— Значит, раек. А мы его дети. Дети райка. Привидение, точно облачко из прошлого, парит, летает, много выше сцены, галерка, раек. Мы сейчас в облаке, в райке сует мирских. То, что с нами происходит, на самом деле не событие ни для кого, только для нас. Любовь наша для мира — небытие, а мир — небытие для любви.
Для нас, только для нас светящийся фосфорический воздух омывал скамейки и скульптуры, возносил душные благовонные выдохи желтофиолей, ландышей, египетской резеды, а все вышеупомянутые персоны царствия флоры велелепствовали... ну, и так далее. Слитки стекол разной воды, разного оттенка пески, раковины, спекшиеся керамические легчайшие шарики, гравий разделяли купы цветов, помечали дорожки.
— Деревья останутся такими всегда? Они не будут расти? Если мы окажемся в Зимнем саду через несколько лет, мы увидим его таким же?
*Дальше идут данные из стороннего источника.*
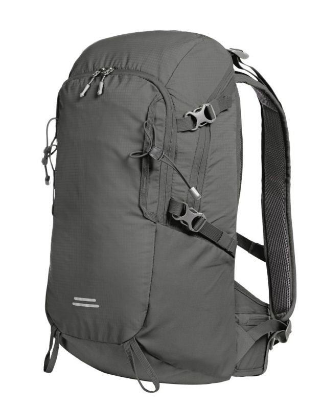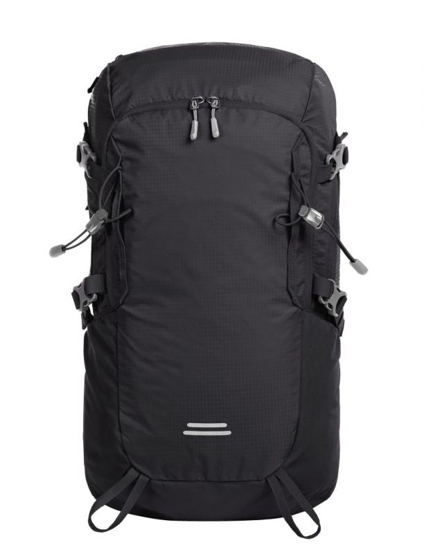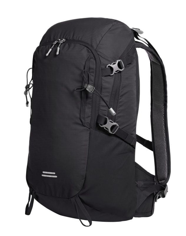 Leichter, funktioneller Rucksack mit ergonomisch geformtem Rücken und innovativem Wabensystem für ideale Belüftung und Polsterung, oben wie unten höhenverstellbar für eine perfekte Passform; höhenverstellbarer Brustgurt; gepolsterter Beckengurt mit Reißverschlusstaschen; großes 2-Wege-Reißverschluss-Hauptfach mit flachem Einsteckfach innen; rückseitiger Ausgang geeignet für z.B. Kopfhörer oder Schlauch des zusätzlich lieferbarem Trinksystems ,Klettloop zur Fixierung des Trinkschlauches; 2 Reißverschluss vortaschen; 2 Netz-Seitentaschen; seitliche Zurrgurte; funktionales Schlaufenband auf der Fronttasche; dekorativer Reflex-Aufdruck; Wanderstockfixierungen; Bodenfach mit

Помнится, что-то пугающее померещилось мне в вопросе ее; но я и виду не подал.
— Думаю, да, — отвечал я важно ученым тоном. — Так же будет хлопать в ладоши populus tremula, трепещущий тополь в высокой кадке, а виргинские робинии, аморфы, вермонтские клены будут невелики, точно дети.
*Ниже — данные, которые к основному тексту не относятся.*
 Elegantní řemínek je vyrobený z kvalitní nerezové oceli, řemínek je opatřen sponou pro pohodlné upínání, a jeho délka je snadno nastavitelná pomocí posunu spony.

— Ох, я не знаю, прав ли ты... — зашептала она. — Разве призрак — остановившееся мгновение?
— Конечно, — я, нимало не задумываясь, тут же и ляпнул, — но только нечеловеческое мгновение, понимаешь? Мы не можем знать, сколько такое мгновение длится и как.
— Любовь тоже нечеловеческое мгновение, — вдруг сказала она печально, отодвигаясь, — длящееся независимо от нашей воли.
При слове «воли» померк фосфорический блеск, Зимний сад пропал, сменился аллеей Ботанического сада, по которой навстречу нам шла старушка, не без любопытства посмотревшая на нас.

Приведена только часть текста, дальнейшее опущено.